I use JDBC to grab sql data and put into elastic search. I can the data in kibana but I cannot filter on a date field, clsddate.
input:
input {
jdbc {
jdbc_driver_library => "/etc/logstash/drivers/mssql-jdbc-6.2.2.jre8.jar"
jdbc_driver_class => "com.microsoft.sqlserver.jdbc.SQLServerDriver"

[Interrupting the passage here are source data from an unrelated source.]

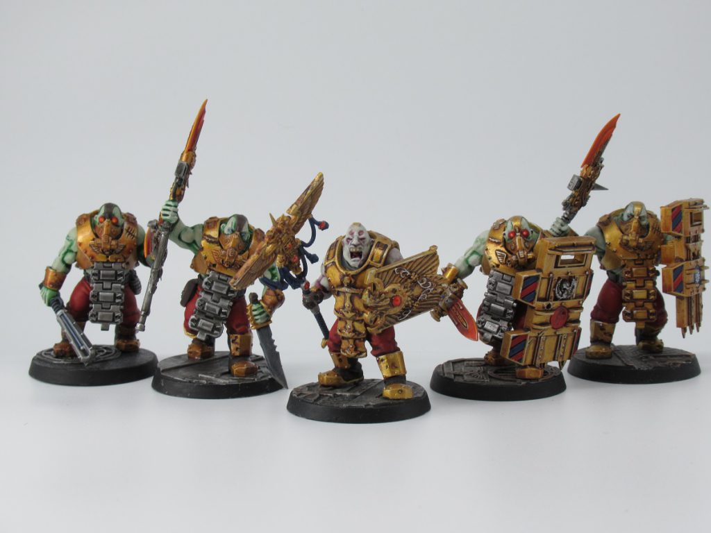 The second wing of Lady Hollzenstein's Custodians are the Bullgryns, various vat-boosted mutants who has proved themselves in service to one of her loyal Astra Militarum regiments. Archmagos Brackmann has experimented with incorporating Primaris genetic designs into his pet super-soldiers for academic rivalry with Belesarius Cawl is one of his greatest motivations.
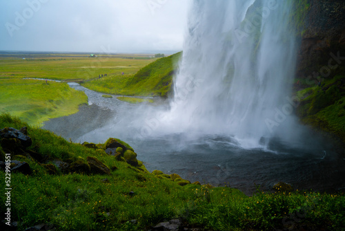 iceland, reykjavik, waterfall, fall, nature, grass, landscape, waterfall, sky, mist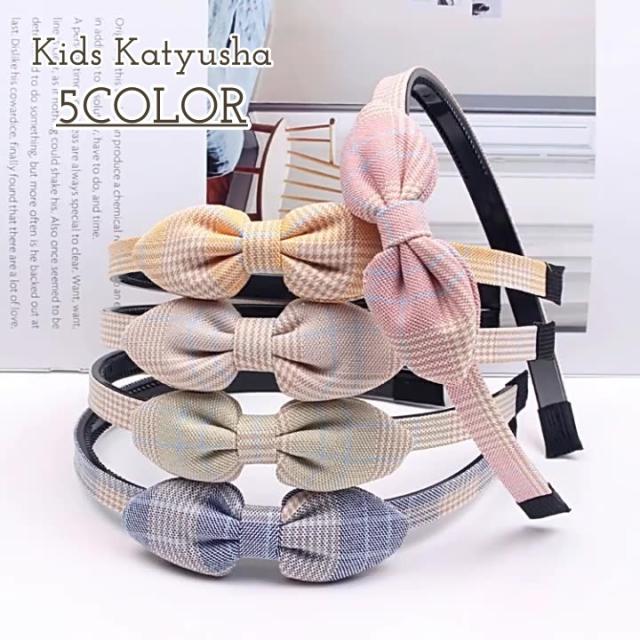 カチューシャ キッズ 子供用 ヘアアクセサリー チェック柄 リボン キュート フェミニン きれいめ 上品 フォーマル カジュアル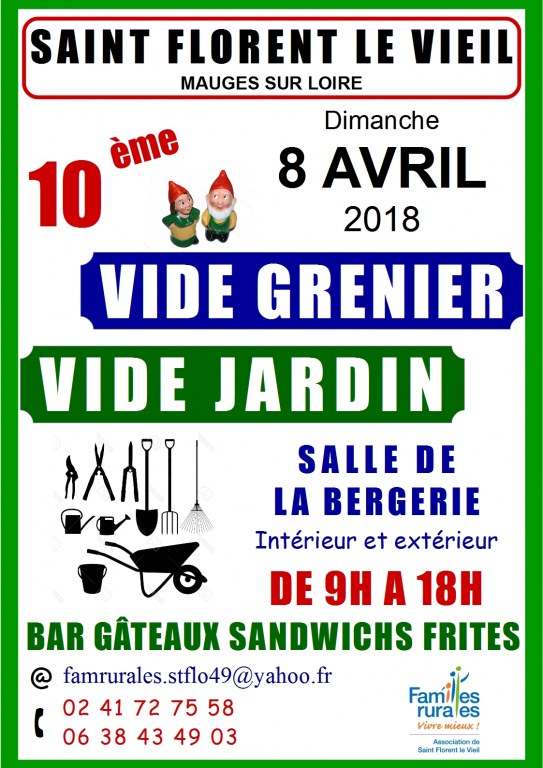 L'association Familles Rurales de St Florent le Vieil organise son 10 ème vide grenier – vide jardin.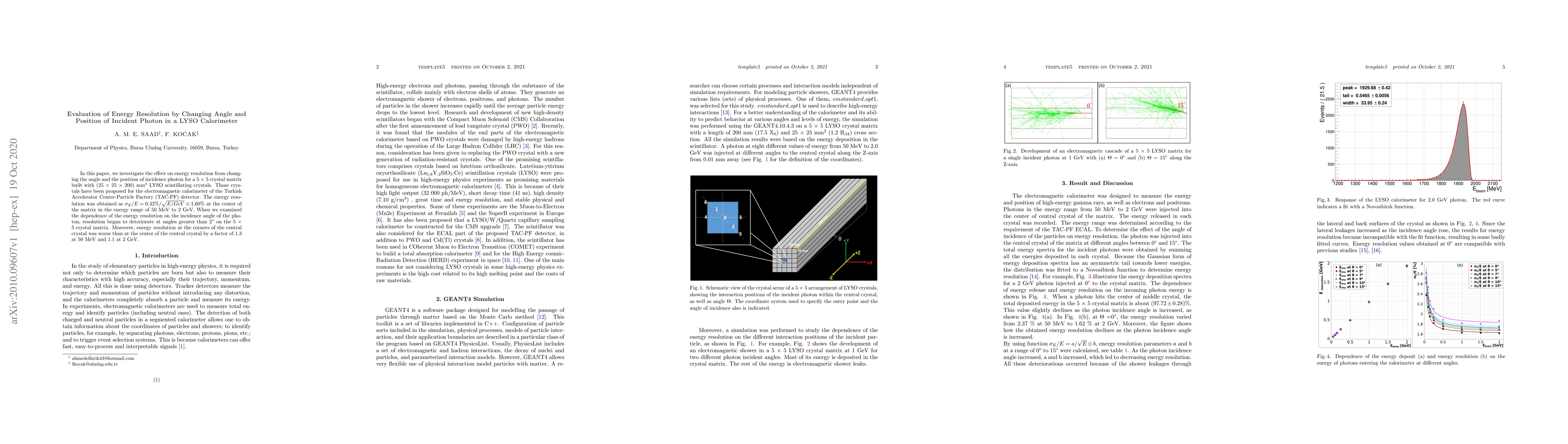 Researchers investigated how changing the angle and position of incident photons affects energy resolution in a LYSO calorimeter, finding that energy resolution degrades at angles greater than 2 degrees and varies by location within the crystal matrix.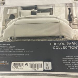 HUDSON PARK COLLECTION Italian Linens Bedskirt, white/stripe Charcoal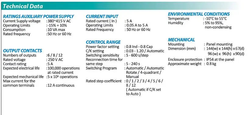 Автоматический контроллер коэффициента мощности 12 шагов 380 415VAC новый стиль 2021 Сделано в Турции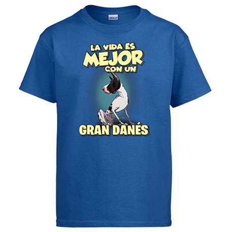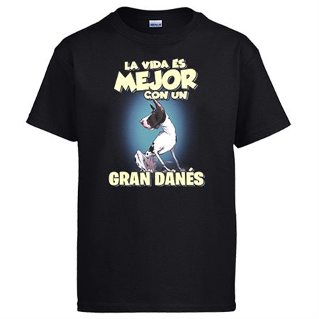 Camiseta la vida es mejor con un perro de raza Gran Danés arlequín

jdbc_connection_string => "jdbc:sqlserver://brt1-trackit01\brt1trackit01;databaseName=TRACKIT8_DATA2"
jdbc_user => "reports"
jdbc_password => "letmeinNOW!"
schedule => "0 * * * *"
statement => "SELECT * FROM tasks WHERE MODIDATE >= :sql_last_value"
}
}
NO FILTER
Output:
output {
elasticsearch {
hosts => ["localhost:9200"]
sniffing => true
manage_template => false
user => elastic
password => letmein
index => "tasks-%{+YYYY.MM.dd}"
}
}
in Kibana, when I query clsddate: -, I get:
Discover: [parsing_exception] [match_phrase] unknown token [VALUE_NULL] after [query], with { line=1 & col=667 }
Error: [parsing_exception] [match_phrase] unknown token [VALUE_NULL] after [query], with { line=1 & col=667 }
at respond (http://brt1-elk02/bundles/vendors.bundle.js?v=16627:143:161556)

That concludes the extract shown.